De specifieke behoeften van een cel voor de zeer aanpasbare vacuole hangen af van de taak van die cel en over de omgevingsomstandigheden in de plant of het dierlijk lichaam op elk willekeurig moment. Enkele van deze vacuole-functies zijn:

  • Water opslaan
  • Een barrière bieden voor stoffen die van de rest van de cel moeten worden gescheiden
  • Verwijderen, vernietigen of opslag van giftige stoffen of afvalproducten om de rest van de cel te beschermen
  • Onjuist gevouwen eiwitten uit de cel verwijderen

    De rol van de Vacuole in plantencellen

    Planten maken gebruik van vacuolen anders dan dieren of andere organismen. De unieke functies van vacuolen in plantencellen helpen planten veel dingen te doen, zoals omhoog groeien op stevige stengels, zich naar zonlicht uitstrekken en er energie uit verkrijgen, en zichzelf beschermen tegen roofdieren en droogtes.

    Plantencellen bevatten vaak een grote vacuole die meer ruimte in de cel vult dan elke andere organel. De plantencel-vacuole bestaat uit de tonoplast, die een zak vormt rond een vloeistof genaamd celsap
    . Celsap bevat water en een aantal andere stoffen. Deze kunnen zijn:

  • Zouten
  • Enzymen
  • Suikers en andere koolhydraten
  • Lipiden
  • Ionen

    Het celsap kan ook gifstoffen bevatten die de vacuole heeft helpen verwijderen uit de rest van de cel. Deze gifstoffen kunnen voor sommige planten als zelfverdedigingsmechanisme werken tegen herbivoren.

    De concentratie van ionen in het celsap is een nuttig hulpmiddel om water via osmose in en uit de vacuole te verplaatsen. Als de ionenconcentratie hoger is in de vacuole, beweegt water door de tonoplast in de vacuole. Als de ionenconcentratie hoger is in het cytoplasma buiten de vacuole, beweegt water uit de vacuole. De vacuole vergroot of krimpt wanneer water erin of eruit stroomt.

    Het proces van osmose om de grootte van de vacuole te beheren resulteert in een gewenste hoeveelheid interne druk op de celwand. Dit staat bekend als turgordruk
    en het stabiliseert de cel en verhoogt de structuur van de plant. Het verhogen van de turgordruk van de vacuole kan ook helpen de cel te stabiliseren tijdens perioden van celgroei. De grote vacuole dient ook de functie van het handhaven van de celstructuur, door andere organellen in hun optimale locaties in de cel te verdringen.
    De rol van de Vacuole in dierlijke cellen

    Terwijl vacuolen van planten gemakkelijk te identificeren zijn vanwege de grote hoeveelheid ruimte die ze in de cel innemen, dierencellen zouden niet profiteren van een grote centrale vacuole. Dit is met name het geval omdat dierlijke cellen geen celwand hebben om tegendruk te leveren aan de turgordruk van een grote vacuole, en de dierlijke cellen zouden uiteindelijk barsten. Dierlijke cellen hebben mogelijk geen vacuolen, of ze kunnen verschillende vacuolen hebben, afhankelijk van de functie en de behoeften van de cel.

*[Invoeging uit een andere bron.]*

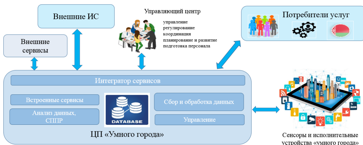
Рисунок 1 – Проект архитектуры цифровой платформы «умного города»

Цифровая платформа «умного города» реализует цифровую форму организации взаимодействия между поставщиками и потребителями с целью минимизации транзакционных издержек при поиске партнеров, товаров, услуг, организации платежей, заключении контрактов, монетизации, контроле исполнения договоренностей, арбитраже, оценке репутации участников, определении потребностей, внедрении новых решений и т.д. Единое информационное пространство определяет единые стандарты для информационных систем и цифровых сервисов, позволяет реализовать поэтапный системный подход к цифровой трансформации в интересах общества, органов управления и бизнеса. На рисунке 1 представлена проект архитектуры цифровой платформы.

    In plaats van als structurele elementen te werken, zijn vacuolen in dierlijke cellen klein en brengen ze het grootste deel van hun tijd door met het transporteren naar en uit de cel voor verschillende organische materialen. De vacuolen bieden twee soorten transport: exocytose
    en endocytose
    .

    Exocytose is de methode waarmee vacuolen materialen uit de cel verplaatsen. Deze materialen zijn vaak ongewenste materialen zoals afval, of moleculen die bestemd zijn voor andere cellen of de extracellulaire vloeistof. Tijdens exocytose bereiden vacuolen enkele moleculen voor om signalen af te geven die door andere cellen worden ontvangen, waardoor die moleculen worden opgehaald.

    Endocytose is het omgekeerde proces van exocytose, waarbij vacuolen helpen om organisch materiaal in de dierlijke cel te brengen . In het geval van signaalmoleculen die zijn verpakt en vrijgegeven door de vacuole van een cel, kan een vacuole van een andere cel het molecuul ontvangen en in de cel brengen.

    Endocytose is een belangrijke functie voor de vacuole in dierlijke cellen omdat het bijdraagt aan de immuniteit tegen besmettelijke ziekten. Vacuolen kunnen bacteriën en andere microben in cellen brengen terwijl de rest van de cel veilig blijft. In de vacuole werken enzymen bij het afbreken van de gevaarlijke ziekteverwekkers.

    Vacuolen beschermen dieren ook op dezelfde manier tegen ziekten en gevaar door potentiële voedsel- en andere toxines af te breken, waarbij de barrière van de tonoplast de beledigende moleculen uit de rest van de cel.